Start of Block
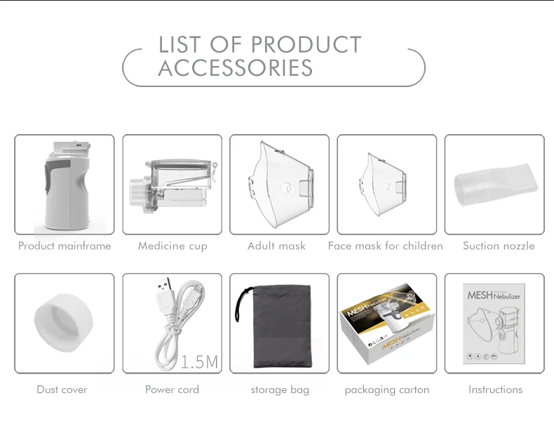 В основном используется для лечения различных заболеваний верхних и нижних дыхательных путей, таких как простуда, жар, кашель, астма, боль в горле, фарингит, ринит, бронхит, пневмокониоз и другие заболевания в трахее, бронхи, альвеолярные, грудь. Небузированная Ингаляционная терапия является важным и эффективным методом лечения респираторных заболеваний. Небулайзер используется для распыления жидкости в крошечные частицы, и препарат попадает в дыхательные пути и легкие путем дыхательных ингаляций, тем самым достигая безболезненности. Для быстрого и эффективного лечения, пожалуйста, используйте аэрозольное управление под руководством врача.
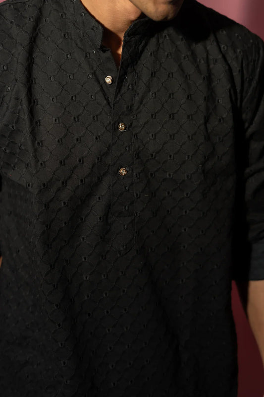 Black Silk Designer Grooming Wedding Kurta
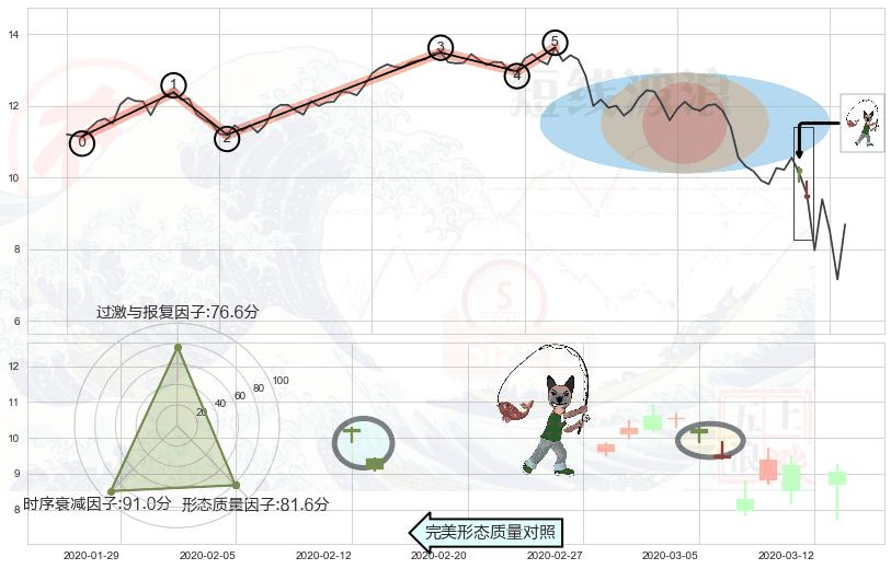 ➢ 🕰 价格走势在2020-03-05至2020-03-06期间形成吊颈线(上吊线),残存影响值:-4.31
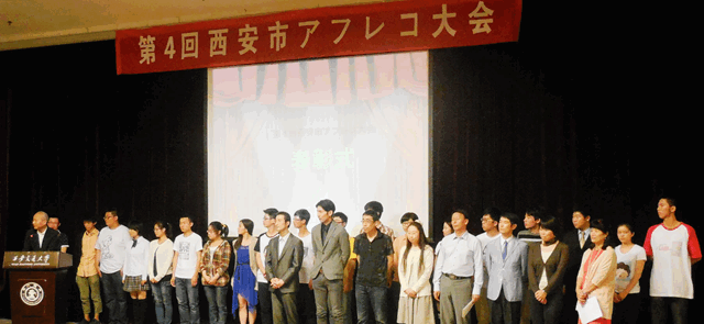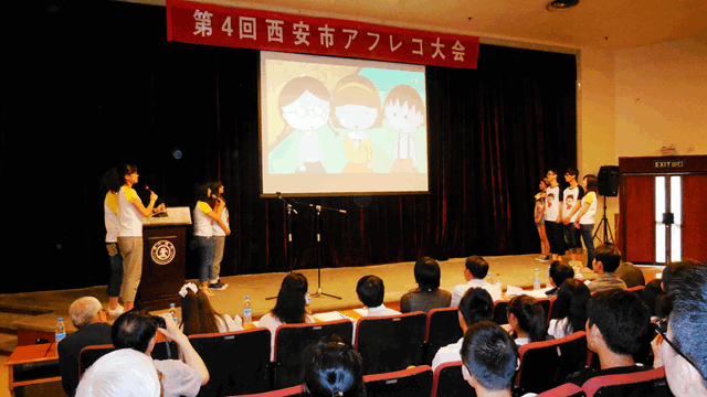 第四届西安市日语配音大赛于2013年5月11日在西安交通大学逸夫科技国际会议中心盛大举行。我校及西安交通大学、西北大学、陕西师范大学等来自全省10所高校19支队伍参加了本次大赛。我校百合漫画 参赛队由2011级4班、9班组成。分别由六位选手组成的11级4班表演的《邻居的山田一家》幽默、滑稽,荣获亚军。由八位选手组成的11级9班表演的《樱桃小丸子》凭借扎实的日语功底和逼真的演绎博得了评委及现场观众的阵阵掌声,拔得头筹。这是继去年以来,我校第二次囊括冠亚军。 西安市日语配音大赛,是由西安日语教师会主办、西安交通大学承办、卡西欧赞助的省级大学生日语配音大赛,至今先后已有30多所高校、70多支参赛队伍参加比赛,是我省唯一的一个大学生日语配音赛事。我校代表队第一届荣获亚军、第二届荣获冠军、第三、四届连续夺得冠亚军,充分展示了我校日语基础教学成绩,为我校争得了荣誉。
End of Block
Print the material above exactly as it appears, but not its pictures.

■ **ANSWER TO THIS TASK**:
 В основном используется для лечения различных заболеваний верхних и нижних дыхательных путей, таких как простуда, жар, кашель, астма, боль в горле, фарингит, ринит, бронхит, пневмокониоз и другие заболевания в трахее, бронхи, альвеолярные, грудь. Небузированная Ингаляционная терапия является важным и эффективным методом лечения респираторных заболеваний. Небулайзер используется для распыления жидкости в крошечные частицы, и препарат попадает в дыхательные пути и легкие путем дыхательных ингаляций, тем самым достигая безболезненности. Для быстрого и эффективного лечения, пожалуйста, используйте аэрозольное управление под руководством врача.
 Black Silk Designer Grooming Wedding Kurta
 ➢ 🕰 价格走势在2020-03-05至2020-03-06期间形成吊颈线(上吊线),残存影响值:-4.31
 第四届西安市日语配音大赛于2013年5月11日在西安交通大学逸夫科技国际会议中心盛大举行。我校及西安交通大学、西北大学、陕西师范大学等来自全省10所高校19支队伍参加了本次大赛。我校百合漫画 参赛队由2011级4班、9班组成。分别由六位选手组成的11级4班表演的《邻居的山田一家》幽默、滑稽,荣获亚军。由八位选手组成的11级9班表演的《樱桃小丸子》凭借扎实的日语功底和逼真的演绎博得了评委及现场观众的阵阵掌声,拔得头筹。这是继去年以来,我校第二次囊括冠亚军。 西安市日语配音大赛,是由西安日语教师会主办、西安交通大学承办、卡西欧赞助的省级大学生日语配音大赛,至今先后已有30多所高校、70多支参赛队伍参加比赛,是我省唯一的一个大学生日语配音赛事。我校代表队第一届荣获亚军、第二届荣获冠军、第三、四届连续夺得冠亚军,充分展示了我校日语基础教学成绩,为我校争得了荣誉。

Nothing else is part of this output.